The Condition 3 people in America can be found in any area of life; most likely you are better served by them than they are ever served themselves.

For example, a nursing assistant in a hospital in Jacksonville, Florida makes an income that tightly holds them hostage in Condition 3; yet every day they provide medical care that they themselves can’t even dream of affording.

Feeling like the enemy is much closer now?

Perhaps this information has made you wonder if it’s even possible to identify the impoverished anymore. And why should you bother? There are so many in need out there, why not start at the bottom? After all, when a poor nation anywhere in the world comes into contact with a tragedy the entire world jumps to attention. We text our money. We buy music that supports. We pack container after container with non-perishables and ship them off on our military vessels. We send volunteers. We band together. We make a difference.

All of that with very little effort on our part.

Our $10 per text is just another cup of fancy coffee for us; for them it’s a week’s worth of food.

Think of that.

$10 to make a genuine difference in the lives of people who really need it.

$10 by passing up a movie so that we can feel good about the fact that we’re making the world a better place.

$10 so that we can teach our children what it means to be *globally* concerned.

But what happens when the need is beyond $10?

What happens when the need isn’t easy?

What happens when the need is expressed by a people that live in a rich country that you don’t like to begin with?

What happens to your ‘global’ thinking then?

Global concern for poverty and all that, that implies cannot stop with the obvious. In point of fact, taking care of the obvious isn’t global at all; it’s merely international. Thinking globally requires a much, much greater level of dedication. And as bizarre as this may sound the most global thing any of us can do is to take care of our own homes first.

Now hang on a minute, I’m not talking about making sure your kids have the latest game system; I’m talking about taking care of your own community, your own neighborhood, those in your office, your school first.

And when I say take care of home first I don’t mean take care of them exclusively.

I know, it’s so much trickier than we all want it to be.

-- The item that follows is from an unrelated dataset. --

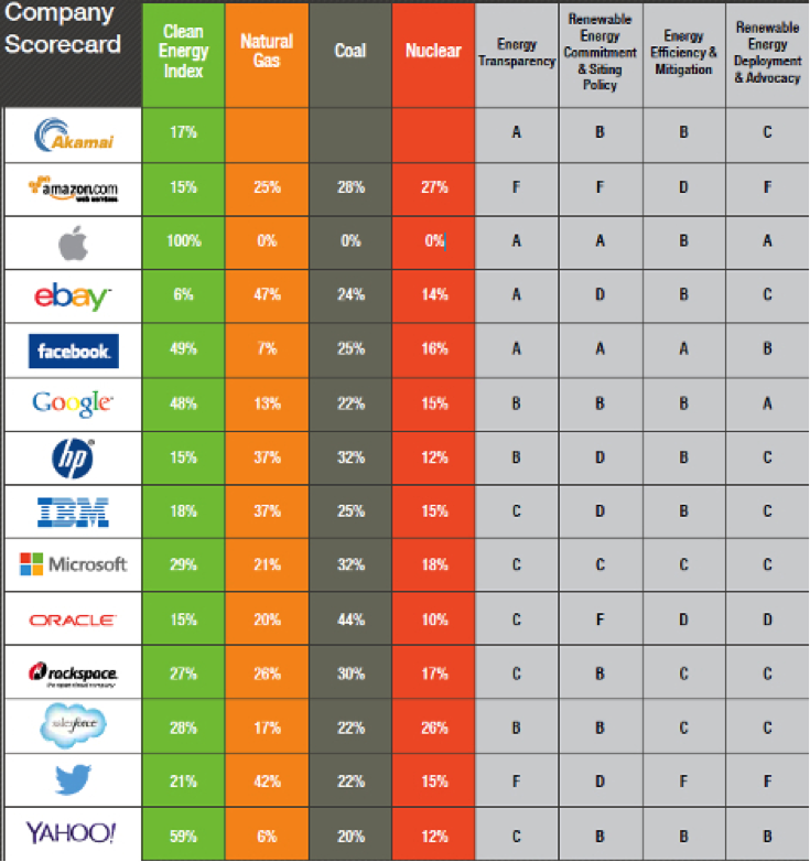Весной 2014 года Greenpeace выпустила доклад Clicking Clean («Чистое нажатие кнопки»). Понятно, что корпорации не могли в течение месяца исправить положение. Но экологи ожидали, что руководители хотя бы возьмут на себя обязательства увеличить объемы потребляемой электроэнергии за счет экологически чистых технологий.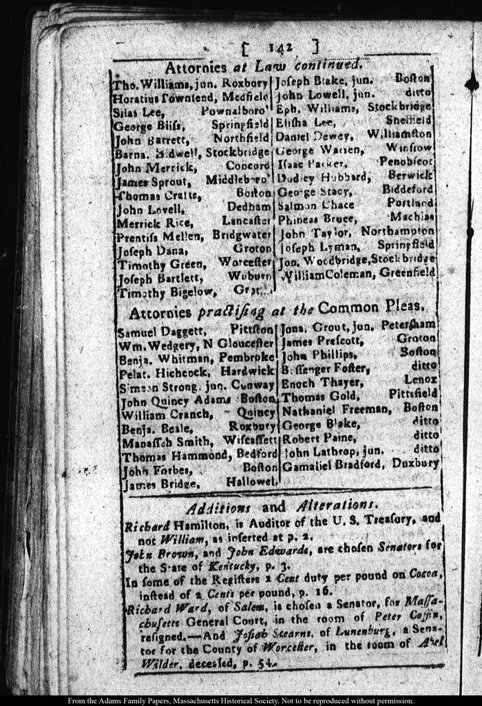 [note: Published page of Fleets Massachusetts Register for

If we really intend to battle global poverty we must do all of the following and we must do them simultaneously:

Comprehensively take care of those with financial needs in our immediate communities
Comprehensively take care of those with financial needs in communities far, far, away
Comprehensively take care of ourselves and our own families so that we can care for others

Any imbalance in how we comprehensively care for the above groups and the global effectiveness breaks down.

What’s with all the ‘comprehensive-lies’?

Look at it this way. In our community it’s very common to give to the poor over the holidays, starting with our Thanksgiving feast. But suppose you’re an impoverished kid who would love to participate in a sport or an art. Starting in November the city becomes very interested in making sure you can celebrate the holidays like a normal person. You receive bags and bags of food and toys for Christmas. All of which make the month of holidays a very fat month. But does it change your life? Come January you’re still the kid with great talent who can’t participate in an activity. Come January you’re hungry again. Come January you wish you could have birthday presents or even a real birthday party. Come January you floss your sore tooth and wish that all of those food giving people would pay for your dental care all year instead; because even though you’re a kid, and kids never think about such things, you’d rather eat rice and beans all year and have healthy, straight teeth.

That kind of giving isn’t for the sake of the child, it’s for the sake of our egos; thus the comprehensive care. It’s only through comprehensive care that we’ll ever win this war.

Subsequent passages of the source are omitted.